I've been writing up a log of my observations for my thesis and records. It's somewhat amazing. I've been over here something like 20 times for 40-50 nights on the telescope. Maybe this isn't surprising to some, but if you knew what astronomers really did, you'd be surprised. Most faculty write proposals so that they can get 1-3 nights of time each semester. They spend the rest of their time 1) processing it, 2) arguing with other people about it, 3) giving talks about how wonderful they are, or 4) writing more proposals for another 1-3 nights. It's funny to me that I've had so many nights over here. Basically everybody at the IfA is into galaxies/cosmology. Not all, but most. I think only 2 or 3 do stellar spectroscopy. This instrument is built for high-resolution on bright targets. Basically it was so broke before (and somewhat still) that nobody wanted it, and nobody paid to have an instrument person fix/maintain it. Result: I get 50 nights in 3 years when most grad students get just a few. Go figure.

Anyways, the weather is junk (high clouds in those pictures are great for art, horrible for astronomy). I'll be spending another all-nighter writing code. Goodie.

Thursday, November 02, 2006

A Busy Week

It seems like life has been moving very quickly latley. Software, training, travel, and houses. I don't think I've had a moment to sit still in a long time.

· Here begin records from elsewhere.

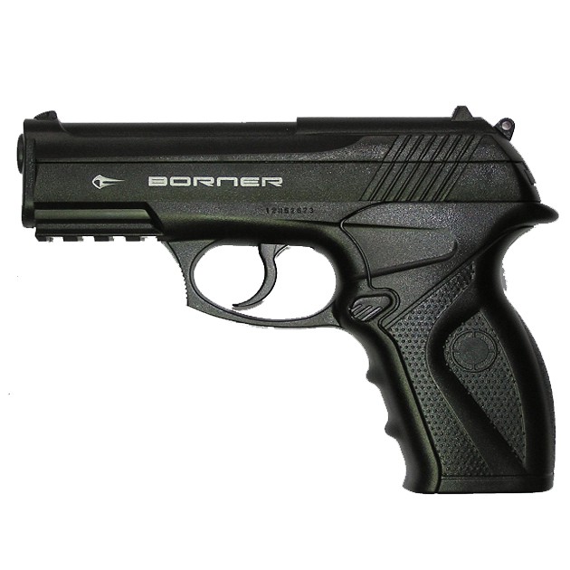 Производитель: Borner, USA Калибр: 4,5мм (.177)Материал основы/корпуса: металл/пластикИсточник энергии: баллончик CO2, 12 гр.Вместимость магазина: 15 шт. (Шарики ВВ)Дульная энергия: до 3 Дж Скорость пули: до 120 м/с Длина: 205 мм Вес: 450 гр
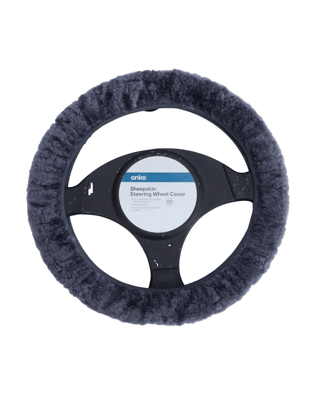 This sheepskin steering wheel cover offers luxurious protection for your steering wheel. It feels soft against your fingertips so that you can steer in comfort and style. This charcoal coloured cover is easy to use and fits most steering wheels.
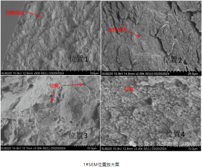 进一步的扫描电子显微镜(SEM)分析揭示了裂纹源区的刮擦痕迹,这是裂纹形成后在后续服役过程中受到摩擦的结果。在裂纹扩展区,我们观察到了明显的疲劳条带,而在最终断裂区,韧窝形貌表明了在断裂前发生了较大的塑性变形。
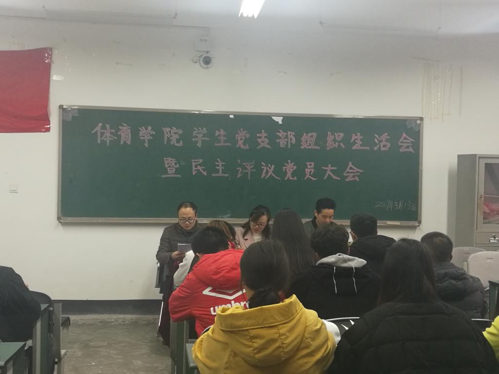 金年会jinnianhuicom学生党支部于2019年3月13日16:20在文传楼3022教室举行了组织生活会暨民主评议党员大会。会议有学校党委组织部副部长李红梅、金年会jinnianhuicom党总支副书记兼学生党支部书记王进、学生党支部支委成员彭波与石姣娜、辅导员崔开文及金年会jinnianhuicom学生党员参加。
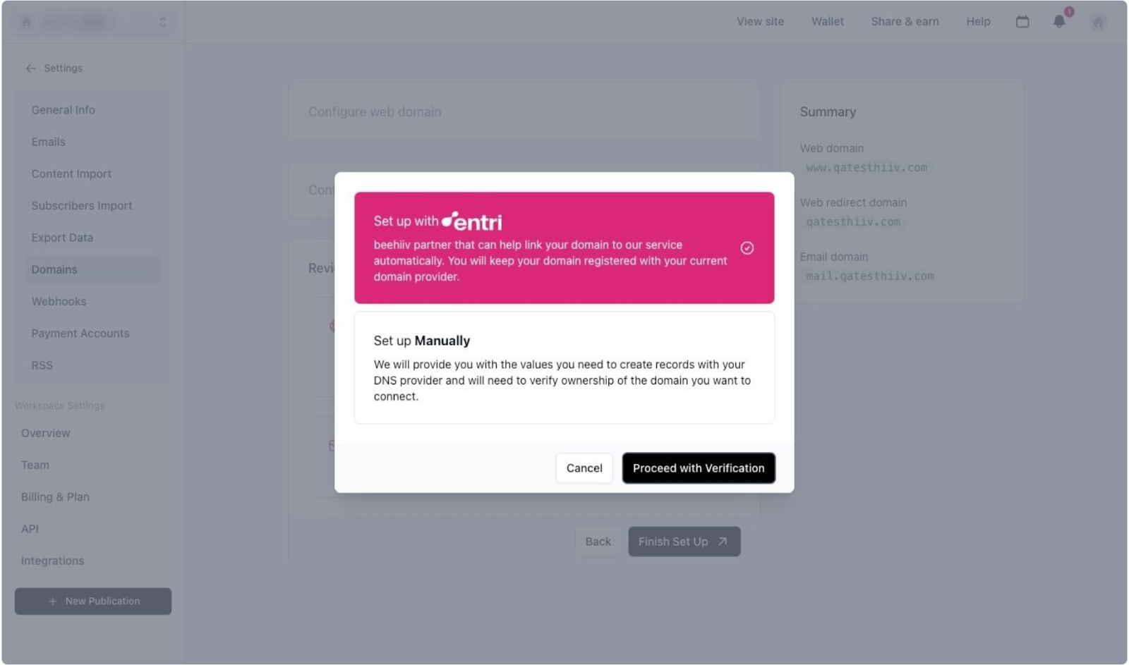 - From the popup, select the Set up with Entri option and click Proceed with Verification to view and copy your personalized DNS records.

Liz's cousins, Aren and Erin, moved out Wednesday and we went looking at houses Thursday. I'll be moving to the windward side soon (Kailua/Kaneohe). It was interesting to get to look at how different people lived, what it costs, and what potentials there are. There were some older rent-machines, architectural oddities (walk through the bathroom to get into the house?), and awesome but expensive places. More to come in the next week(s).

In addition to the software and houses, I'm training for the Dec 2nd BJJ tourney. I think I'm out of the running for this year's triple-crown since I missed the August competition, and I've got zero chance of medaling in the No-Gi division since I'm in the advanced bracket now. The crown is won by number of medals in a given belt/weight class. I got gold/silver in the first tourney in gi/no-gi, but if anyone who medaled in the first tourney went and medaled in the second, we're tied going in to the third with me having basically no chance in the no-gi division. Anyways, lots of running, reading, etc to do.

I've been writing a lot of code to produce plots like this:

There's a ton of processing that still needs to be written into my "reduction pipeline" before I start arguing about disks around stars. It's nice that I'm going to Maui so much though - I've actually got a lot of things working over there and I've got a pile of data for my thesis. The short story is that after a bunch of optical and mechanical fixes, I get about 4 times more light per picture than I did before. This means that I can do the same science in a 1 minute exposure now as opposed to a 4 minute exposure before. That's huge. It's like the difference between using the 8-10m scopes (biggest in the world) and AEOS. I can't believe what a bit of sweat and agony (mentally anyways) can do for an instrument. There's still a ton to do to make it better (fix CCD, tip/tilt corrector, etc) but at this point, I'm stoked. Totally stoked. I'll just be flying over here for 5 days or so, every other week, till April or so.... Oh well right.